*** Opening Data ***

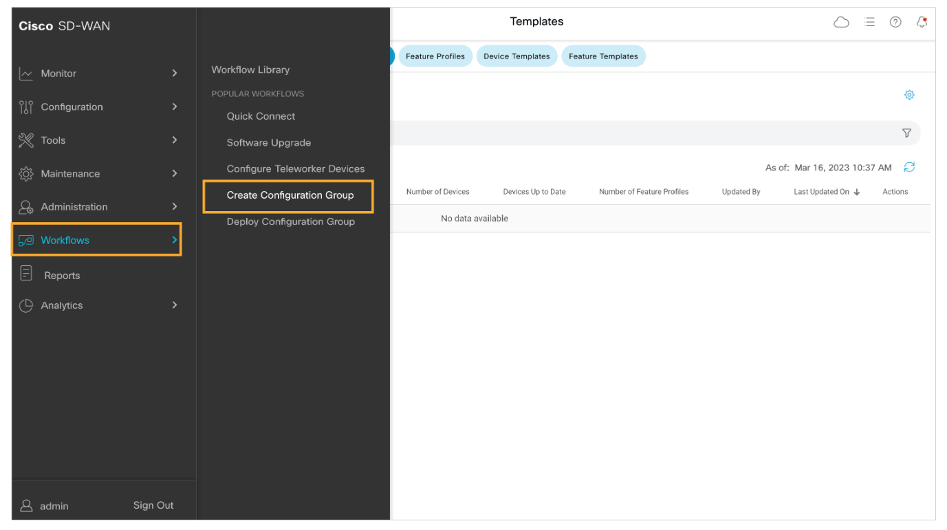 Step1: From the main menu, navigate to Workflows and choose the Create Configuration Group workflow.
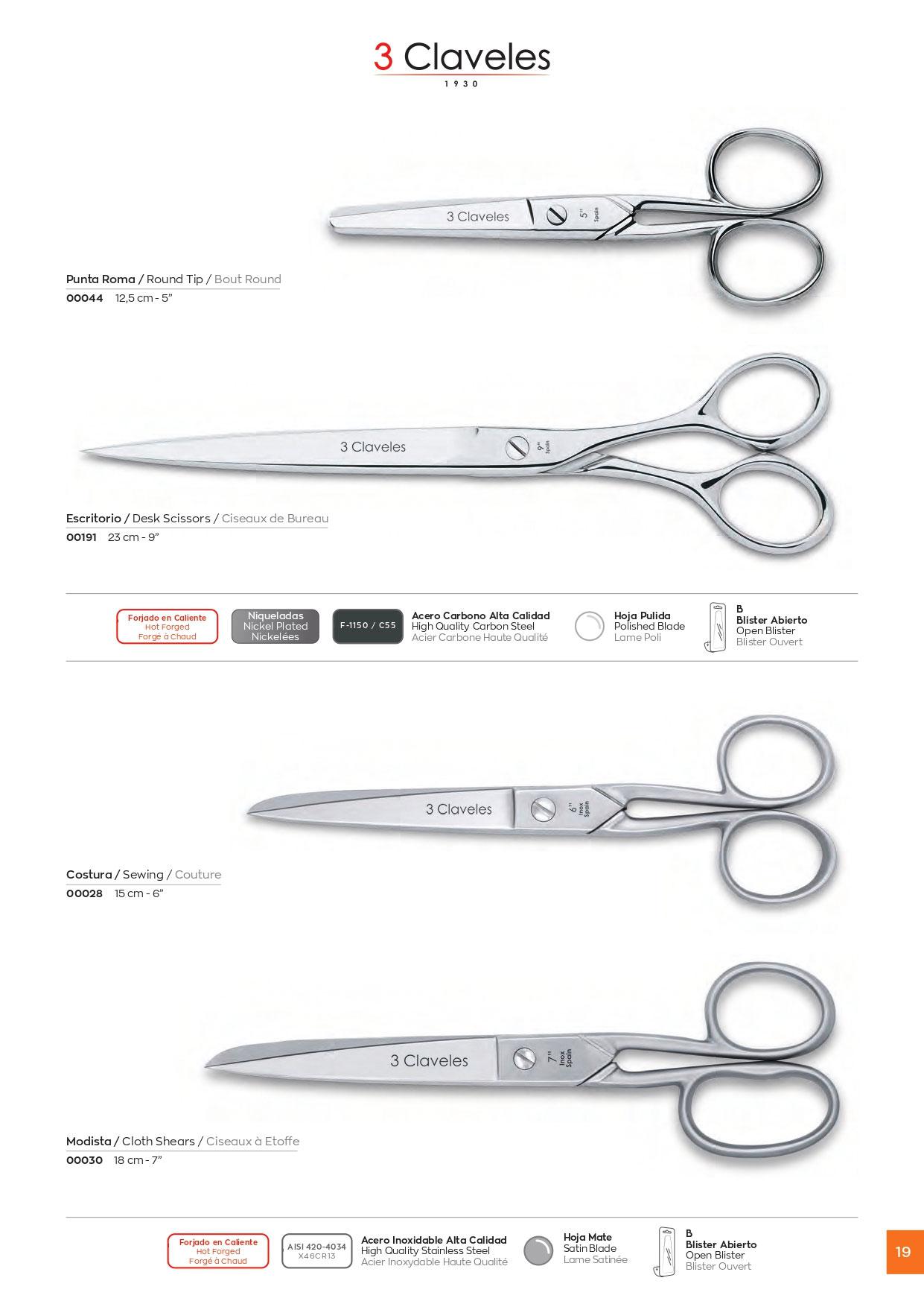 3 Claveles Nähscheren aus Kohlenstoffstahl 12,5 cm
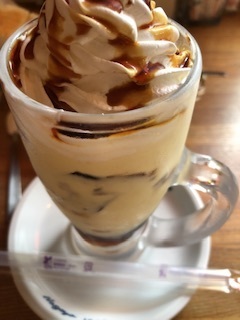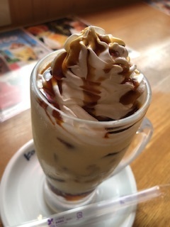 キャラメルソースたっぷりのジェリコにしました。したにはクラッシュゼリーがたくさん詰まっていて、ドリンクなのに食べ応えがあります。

*** Closing Data ***

**Work task:**
Pictures stay out. Everything else in the listing gets printed exactly.

**Response for this exercise:**
 Step1: From the main menu, navigate to Workflows and choose the Create Configuration Group workflow.
 3 Claveles Nähscheren aus Kohlenstoffstahl 12,5 cm
 キャラメルソースたっぷりのジェリコにしました。したにはクラッシュゼリーがたくさん詰まっていて、ドリンクなのに食べ応えがあります。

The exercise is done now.